Well, "work" with C++ or even C is very loose here. Its a total hack to
force align objects on large boundaries. This is very useful wrt
designing different exotic algorithms. However, I think its forever
doomed wrt UB. I am not sure how to ever make it work in a 100% portable
way. When I say a large boundary, I mean say, 2048 bytes are much
bigger.

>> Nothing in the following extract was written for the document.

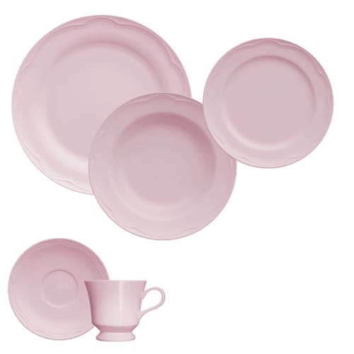 Jogo de Jantar e Chá Porcelana 30 Peças com Pratos Rasos e Fundos rosa Cottage Germer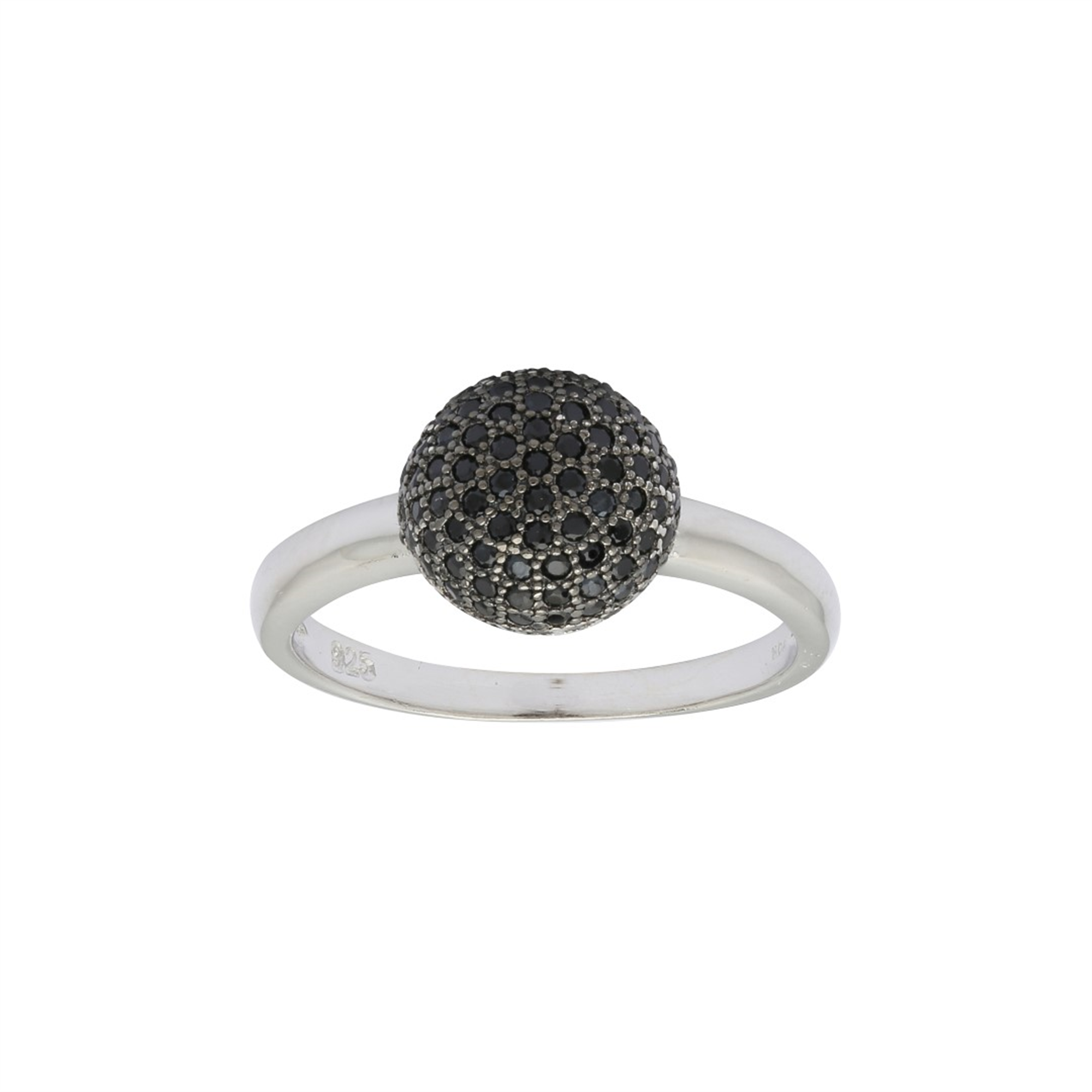 Tillad dig selv lidt hverdags eksklusivitet med denne fine ring fra vores Amola serie. Kuglen, der måler 9 mm, er besat med skinnende zirkonia sten, som smukt reflekterer lys. Den sort rhodineret sølvring har en funklende glans, uden at være for domine

Well, here is some code, can you even get it to run without
tripping an assert or getting a throw?
______________________
#include <iostream>
#include <new>
#include <cassert>
#include <cstdlib>
#include <cstddef>
#include <cstdint>


// Doctor Hackinstein!
#define CT_RALLOC_ALIGN_UP(mp_ptr, mp_align) \
((unsigned char*)( \
(((std::uintptr_t)(mp_ptr)) + ((mp_align) - 1)) \
& ~(((mp_align) - 1)) \
))

#define CT_RALLOC_ALIGN_ASSERT(mp_ptr, mp_align) \
(((unsigned char*)(mp_ptr)) == CT_RALLOC_ALIGN_UP(mp_ptr, mp_align))


// Hackish indeed!
template<std::size_t T_size>
struct ct_local_mem
{
unsigned char m_bytes[T_size];

template<typename T>
unsigned char* align_mem()
{
return align_mem<T>(alignof(T));
}

template<typename T>
unsigned char* align_mem(unsigned long align)
{
if (!align) align = alignof(T);

unsigned char* base = m_bytes;
unsigned char* aligned = CT_RALLOC_ALIGN_UP(base, align);

assert(CT_RALLOC_ALIGN_ASSERT(aligned, align));

std::size_t size = aligned - m_bytes;

if (size + sizeof(T) + align > T_size)
{
throw;
}

return aligned;
}
};



// A test program...
struct foo
{
int m_a;
int m_b;

foo(int a, int b) : m_a(a), m_b(b)
{
std::cout << this << "->foo::foo.m_a = " << m_a << "\n";
std::cout << this << "->foo::foo.m_b = " << m_b << "\n";
}

~foo()
{
std::cout << this << "->foo::~foo.m_a = " << m_a << "\n";
std::cout << this << "->foo::~foo.m_b = " << m_b << "\n";
}
};


int main()
{
{
// create some memory on the stack
ct_local_mem<4096> local = { '\0' };


// create a foo f
std::cout << "Naturally aligned...\n";
foo* f = new (local.align_mem<foo>(alignof(foo))) foo(1, 2);

// destroy f
f->~foo();



// create a foo f aligned on a large byte boundary
std::size_t alignment = 2048;
std::cout << "\n\nForced aligned on a " << alignment << " byte
boundary...\n";

// ensure the alignment of foo is okay with the boundary
assert((alignment % alignof(foo)) == 0);


f = new (local.align_mem<foo>(alignment)) foo(3, 4);

assert(CT_RALLOC_ALIGN_ASSERT(f, alignment));

// destroy f
f->~foo();
}

{
std::cout << "\n\nFin\n";
std::cout.flush();
std::cin.get();
}

return 0;
}
______________________


Here is some output, notice the addresses on the large boundary:
______________________
Naturally aligned...


0x7fffb1f56ba0->foo::foo.m_a = 1


0x7fffb1f56ba0->foo::foo.m_b = 2


0x7fffb1f56ba0->foo::~foo.m_a = 1


0x7fffb1f56ba0->foo::~foo.m_b = 2








Forced aligned on a 2048 byte boundary...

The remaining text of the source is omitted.